4. Re-imagine the future
Recent world events have shone new light on the levels of injustice, racism and inequality in our society.
These events have provoked outrage and greater public scrutiny of some fundamental parts of our society which are broken. The process of awarding students their GCSE/A-Level grades will no doubt ignite further scrutiny over the attainment gaps between children from different backgrounds, between children living in different parts of the country. I suspect we will see further increases in school exclusions as ‘difficult’ children stand in the way of progress. Youth violence has already returned to pre-Covid levels and I suspect, without proactive, holistic interventions, levels of violent crime will continue to rise. We hope that with greater scrutiny, there will be greater opportunity for positive policy change and we are currently exploring what Khulisa’s role in this should be.
The sad truth is that those with the least to lose will be hit the hardest in the months and years ahead. Khulisa – like many other charities – will be needed to help the country cope and recover and yet as I write this, only 25% of the government’s emergency funds (£200m) has been allocated to small charities, 4 months after the plan was announced. With so many small charities on the brink of closure, I wonder what this will mean for the most vulnerable groups. In contrast, there are a range of funders who have stood by Khulisa, increased and extended their grants, many of these organisations have taken great financial risks to ensure we can still keep going. These vital contributions should be held up as an example to the government, whose comparative disregard for our sector and the work we do, is damning.
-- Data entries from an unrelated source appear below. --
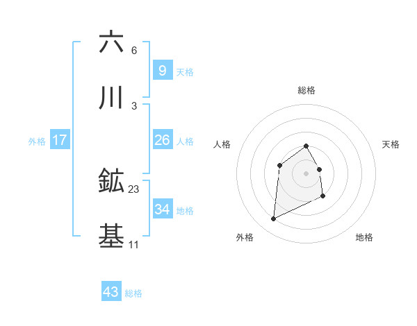 六川 鉱基さんの外格は17画の4点!
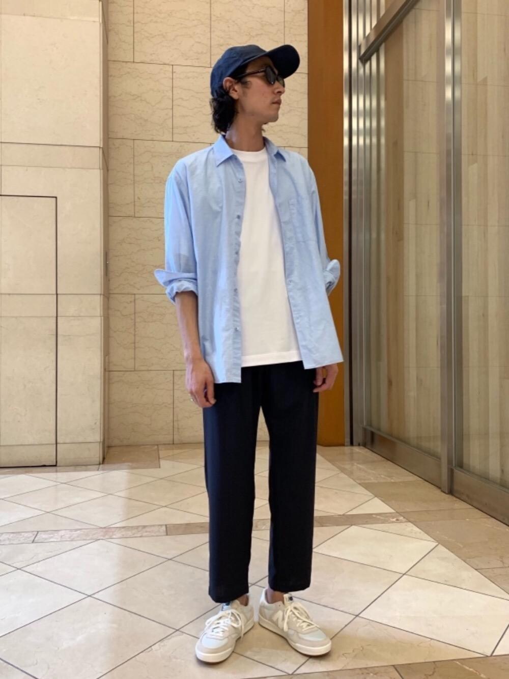 【身長】173cm 【年代 】20代後半 【普段のサイズ】〈トップス〉44/S 〈ボトムス〉42/S シューズ〈26cm/6h〉 【着心地・サイズ感】 シャツ→軽い着心地、ベーシックなサイズ感 Tシャツ→とろみのある柔らかい着心地、ややゆったり目 パンツ→さらっとした着心地、ベーシックなサイズ感 【コーディネートポイント】 爽やかな印象になるように、ライトブルーのシャツを選びました。暑苦しくなく、袖でこなれ感を演出できます。
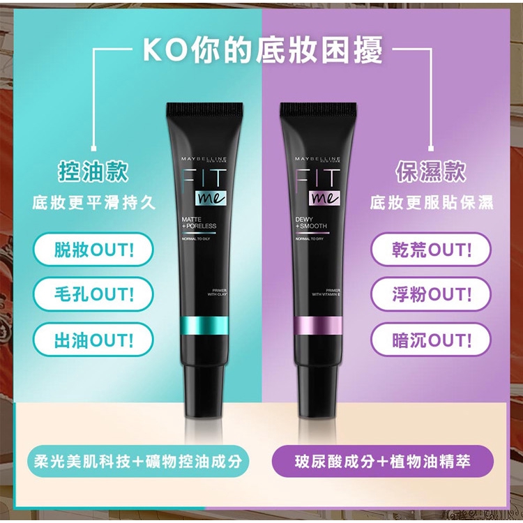 MAYBELLINE 媚比琳 FIT ME反孔特霧控油/水光奇蹟保濕 妝前乳(30ml)【小三美日】D773153

We will do our part in ensuring young people get the emotional support they need during this difficult time – appropriate support from us and from other adults in their lives – and I know I am surrounded by a plethora of like-minded charities who are playing their role in the recovery too. I’d like to finish by saying a special thank you to our brilliant board of Trustees and to Sherry Peck (Safer London), Ben Kernighan (Leap), John Poyton (Redthread), Evan Jones (St Giles) and Lucie Russell (Street Doctors) – all of whom I greatly admire for their relentless commitment to their work and willingness to advise and encourage me.
Of all the lessons I’ve learned, the key to surviving a storm is the network of people around you, finding strength in a shared purpose and making sure nobody gets left behind.